On Fri, Feb 19, 2021 at 09:03:44PM -0500, Viktor Dukhovni wrote:
On Fri, Feb 19, 2021 at 06:05:12PM -0700, amindfv--- via Haskell-Cafe wrote:
Does there exist a Haskell library or function for getting grapheme lengths of String/Text values?
Depends on your definition of "grapheme length" :-) If you're OK with counting NFC code points, then the answer is yes, via the "text-icu" package.
$ cabal repl -z -v0 \ --repl-options "-package=text-icu" \ --repl-options "-package=text" \ --repl-options -XOverloadedStrings λ> import qualified Data.Text as T λ> import Data.Text.ICU.Normalize λ> length $ T.unpack $ normalize NFC "ä" 1 λ> length $ T.unpack $ normalize NFD "ä" 2 λ> length $ T.unpack $ normalize NFC $ normalize NFD "ä" 1
Thanks.
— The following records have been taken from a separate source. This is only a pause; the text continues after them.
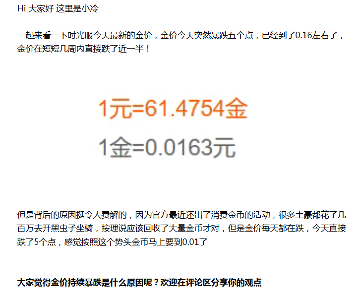 【魔兽世界】时光服4月21日最新金价!一天跌了5个点,下跌的原因令人费解
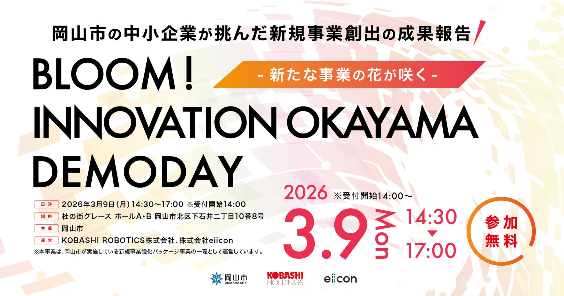 【 岡山市 × KOBASHI ROBOTICS × eiicon 】岡山市「新規事業創出強化パッケージ」合同成果報告『BLOOM! INNOVATION OKAYAMA DEMODAY』参加者募集
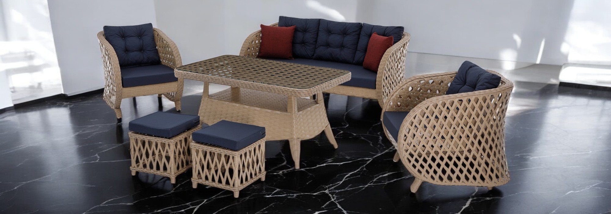 Lifos (İnce Rattan) 3'lü Oturma Grubu
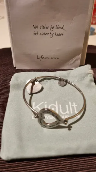 Bellissimo braccialetto rigido Kidult con ciondolo a forma di cuore e chiusura con incisione "Not sister by blood but sister by heart" - Design elegante e significativo. - Ottime condizioni.
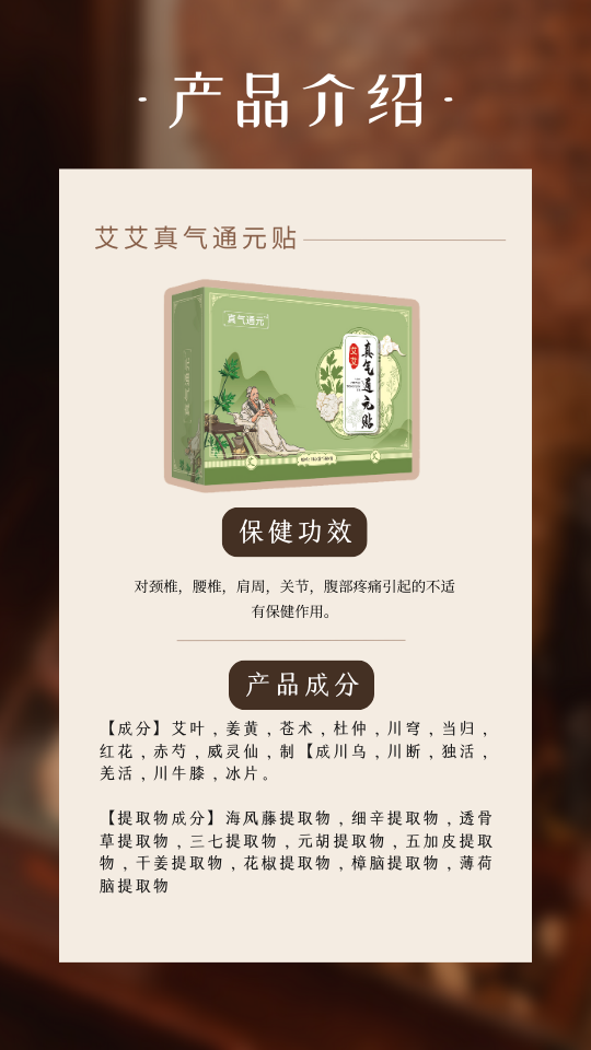 | 主要成分 | 艾叶、姜黄、仓术、干姜、杜仲、川穹、当归、红花、透骨草等 |
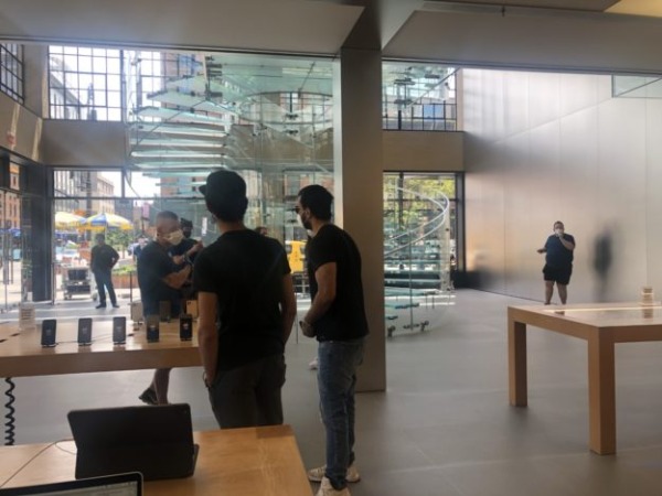 さて、すでにリオープンしているアップル・ストアですが、現在もアポイントがないと入場できません。ウェブサイトで商品購入後、アポイント時間を設定します。店舗に到着すると列ができていました。入場前には検温があります。張り切ってレンタル自転車で向かったところ、体温上がってしまって今の状態だと入店させられないと言われ再検査をする羽目になりました。(思ったより厳しい~!)
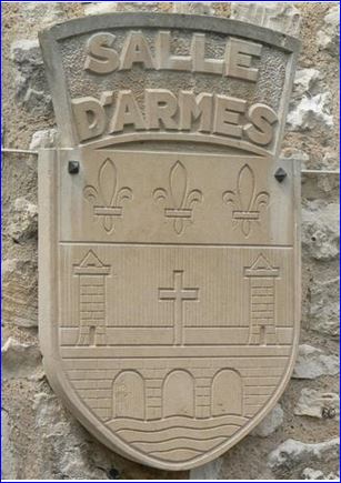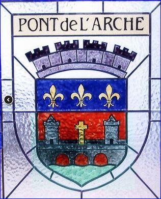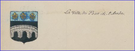 De gueules au pont de trois arches d'argent maçonné de sable, mouvant d'une mer de sinople, sommé d'une croix latine d'or accostée de deux tours d'argent, maçonnées de sable; au chef cousu d'azur chargé de trois fleurs de lis d'or.
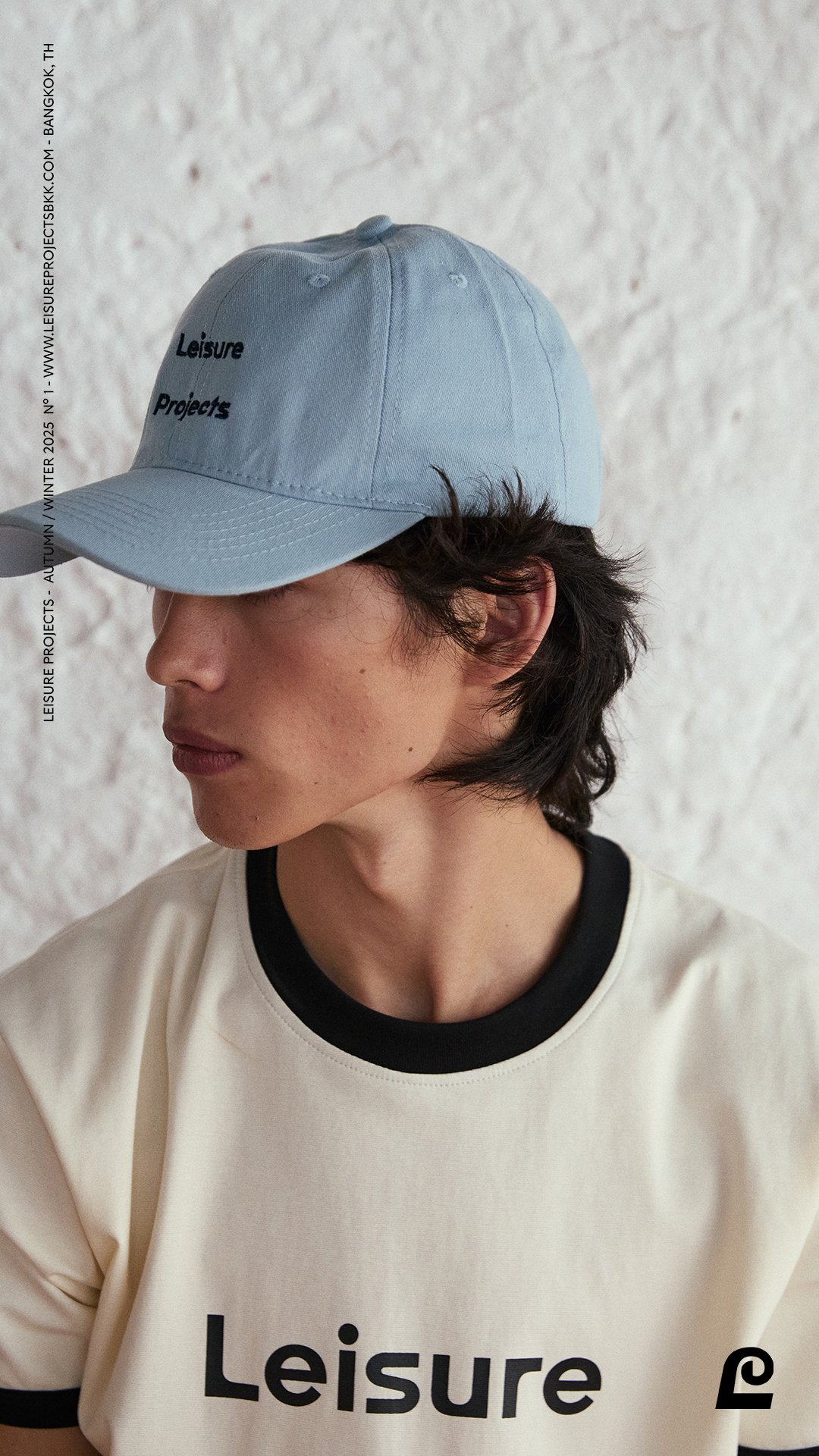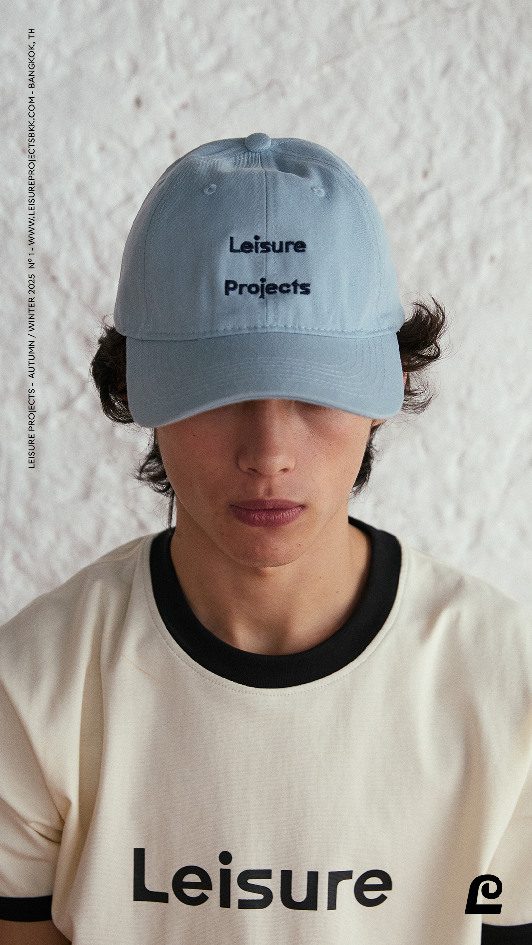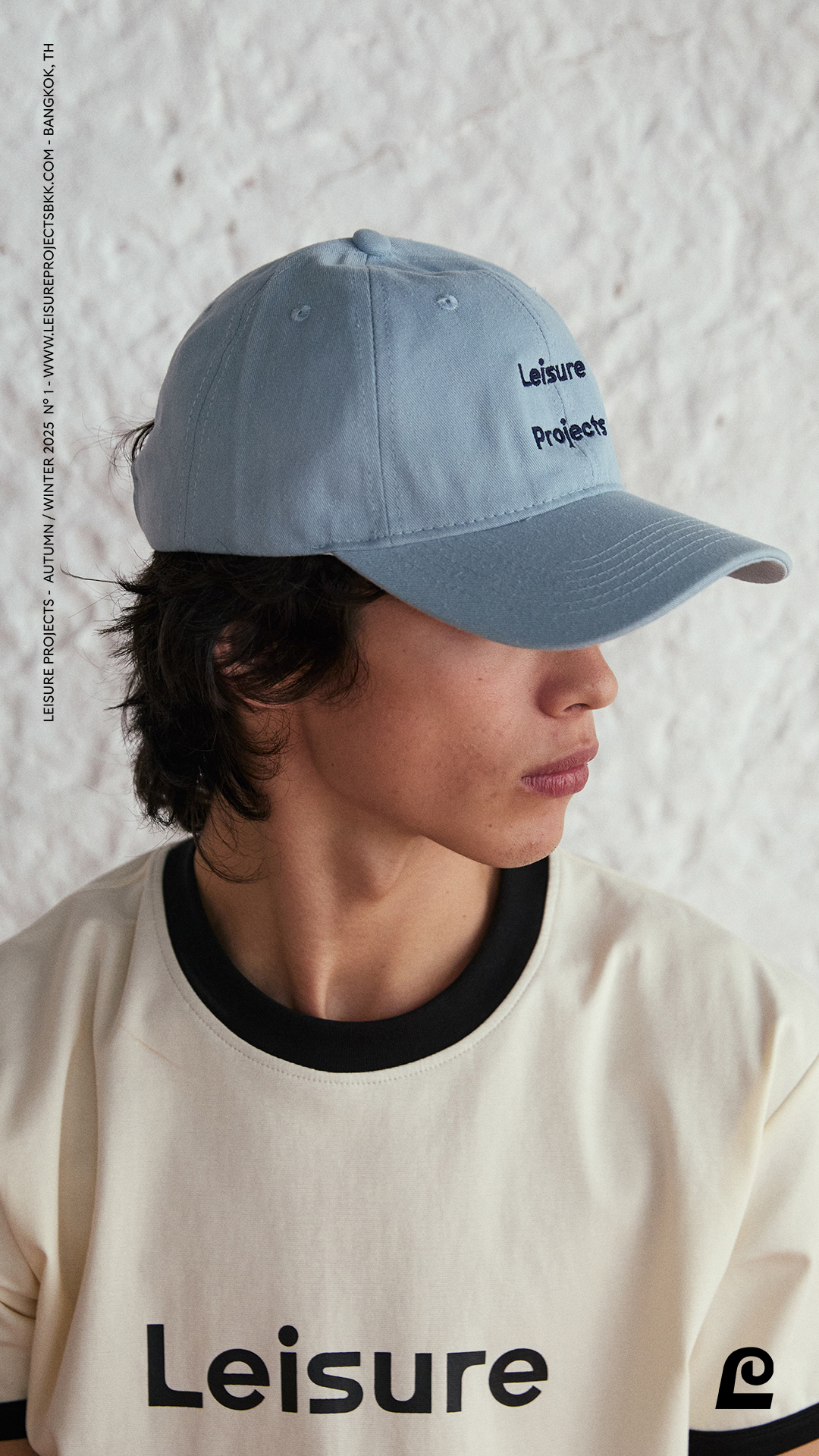 washed twill baseball cap with Leisure Projects logo embroideried detail.
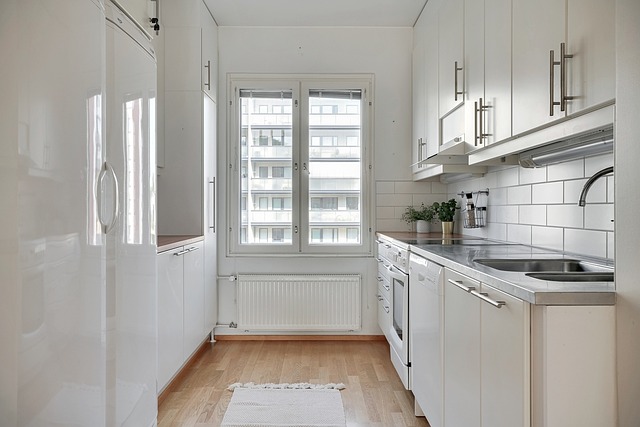 - Valkoiset keittiökalusteet, tasot laminaattia, välitila laattaa. Kodinkoneet: jääkaappi, pakastin, liesi, liesituuletin, astianpesukone.
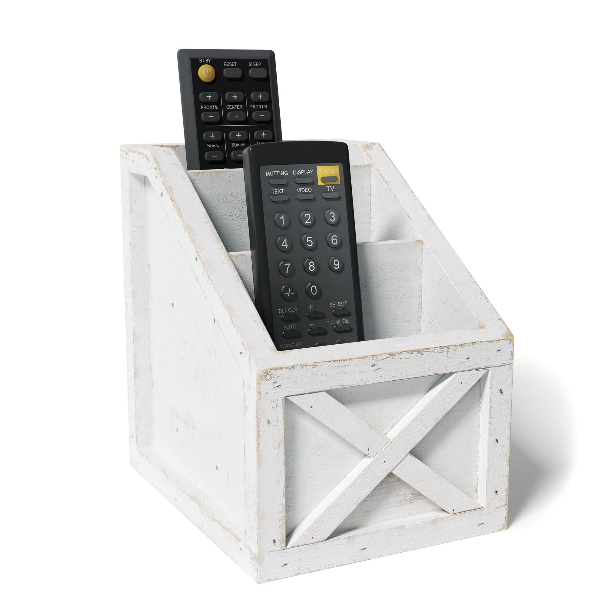 Barnyard Designs Rustic Vintage Wooden Desk Organizer Remotes Caddy Tabletop Desktop Office Supplies Desk Accessories Holder, 6.75" x 6.5โ (White/
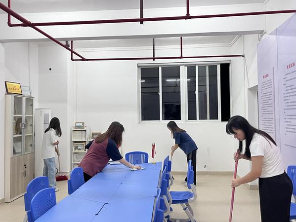本次活动主要打扫了测绘学院位于第16栋宿舍楼的班主任工作室、辅导员工作室,并在宿舍区垃圾分类场所进行垃圾分类引导投放。通过扫地、拖地、摆放桌椅、擦拭窗户、整理课室物品等,为师生营造良好、干净的校园环境。他们分工明确,互帮互助,认真清理卫生死角,同时也提高了爱护公共卫生的意识。在垃圾分类过程中,大家更清晰了解了垃圾分类的要求,并积极进行引导分类投放垃圾,加强了垃圾分类意识,展现出“我为群众办实事”的积极态度。
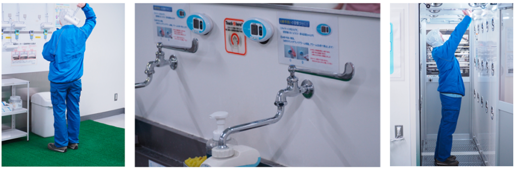- エアーシャワーで毛髪や埃を吹き飛ばし、異物混入を防止
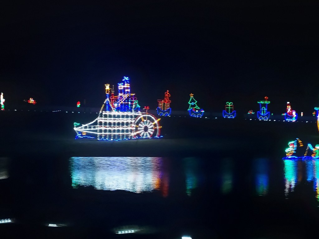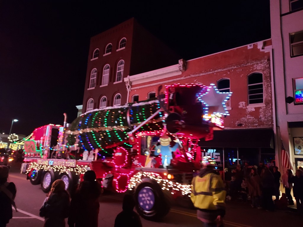 Following photos, we decided to check out the Lighted Christmas Parade. We’ve lived here quite awhile and never went, so since the weather wasn’t too bad, we took a chance and went. Little Man loved all the lights and was pretty interested in the marching bands.
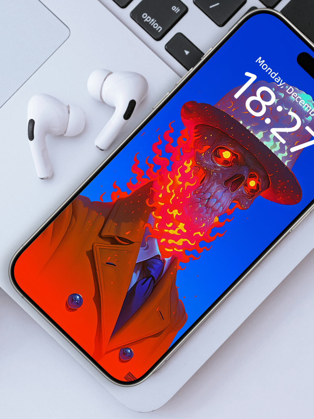 This professional mobile wallpaper combines skeletal gentlemen with roaring internal flames. The orange coat and blue tie create a perfect composed pressure phone wallpaper for those who work overtime to stay polite.
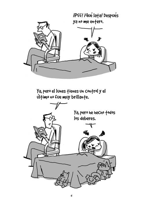 Transformar la lectura de antes de dormir en una clase de gramática o en una fábrica de pesadillas, rivalizar en puerilidad con los hijos, enseñarles todo tipo de tonterías, ganar con trampas y desafiarles a quién lo hace peor... ¿Guy Delisle, autor de obras como Shenzhen, Pyongyang, Crónicas birmanas y Crónicas de Jerusalén, un mal padre? No, simplemente un autor de historietas que busca las ideas allí donde se encuentran y las adereza con un agudo sentido de la observación y una gran capacidad para reírse de sí mismo.
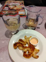 NEW 初の一人サイゼリヤ🍴🍷 先日、YEBISU BAR で🍺からの人生2度目のサイゼリヤ、一人サイゼリヤは初めて🍴ポップコーンシュリンプ🦐&焼チーズミラノ風ドリアを白ワインのデカンタ小(250ml)で🍷味はまあまあ許容範囲、低価格には驚く❗😲
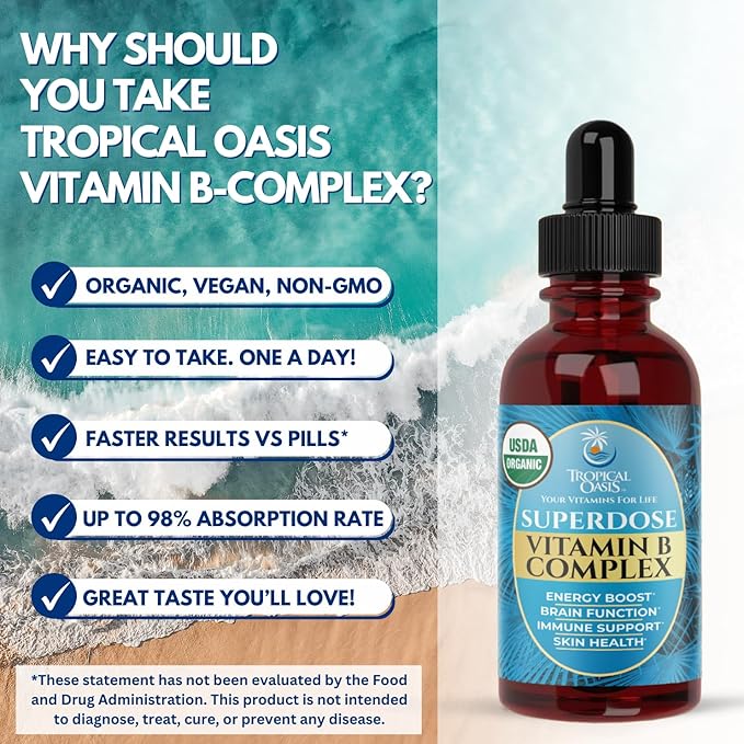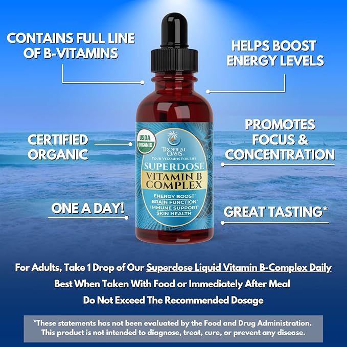- Boost Your Energy, Focus, and Metabolism – Tropical Oasis B Vitamin Complex is loaded with key B vitamins, including B3, B6, Biotin, Folate, and B12, to boost your energy levels, improve focus, fight fatigue and support healthy metabolic function.
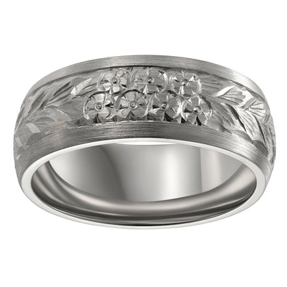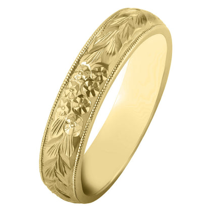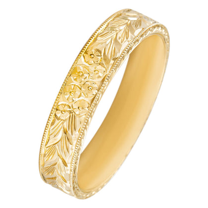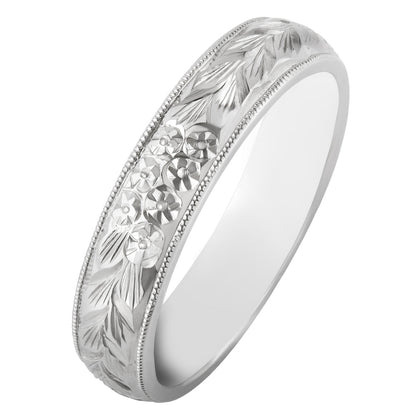 The Forget Me Not flower has always symbolised true love, and historically some vintage engagement rings have incorporated the floral design to represent the happy couple's eternal love. To honour this, our Forget Me Not rings and wedding bands feature floral engravings based on the beautiful Forget Me Not flower, bringing the vintage style into a new era. You will find Forget Me Not jewellery designs throughout our selection of wedding rings, all exclusively made with care in the UK.
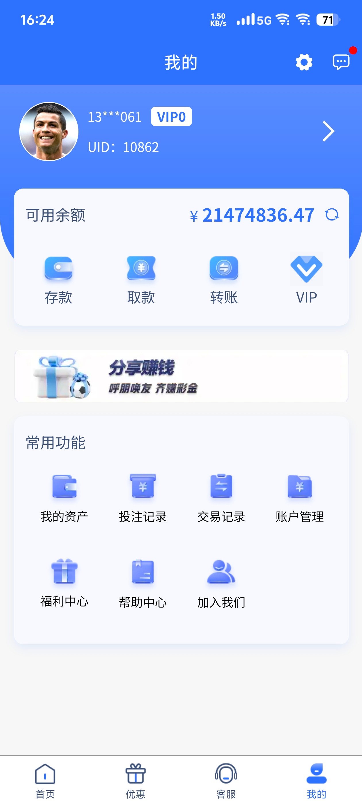 新用户注册绑定信息,福利中心自助领取彩金,彩金限制自行查看吧,具体自测吧
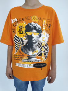 Кулирное полотно: 100% х/б. Футболка(оверсайз)-прямой силуэт спущенное плечо,короткий рукав,перед с печатью.Горловина обработана ластиком.Низ изделия и рукава подшиты.

Unfortunately this doesn't work well for graphemes which don't have a 1-code-point equivalent, like: length $ T.unpack $ normalize NFC $ normalize NFD "❤️" == 2
With the "Data.Text.ICU.Char" module, it may be possible to determine grapheme boundaries:
https://hackage.haskell.org/package/text-icu-0.7.0.1/docs/Data-Text-ICU-Char...
I'll look into this and report back. Tom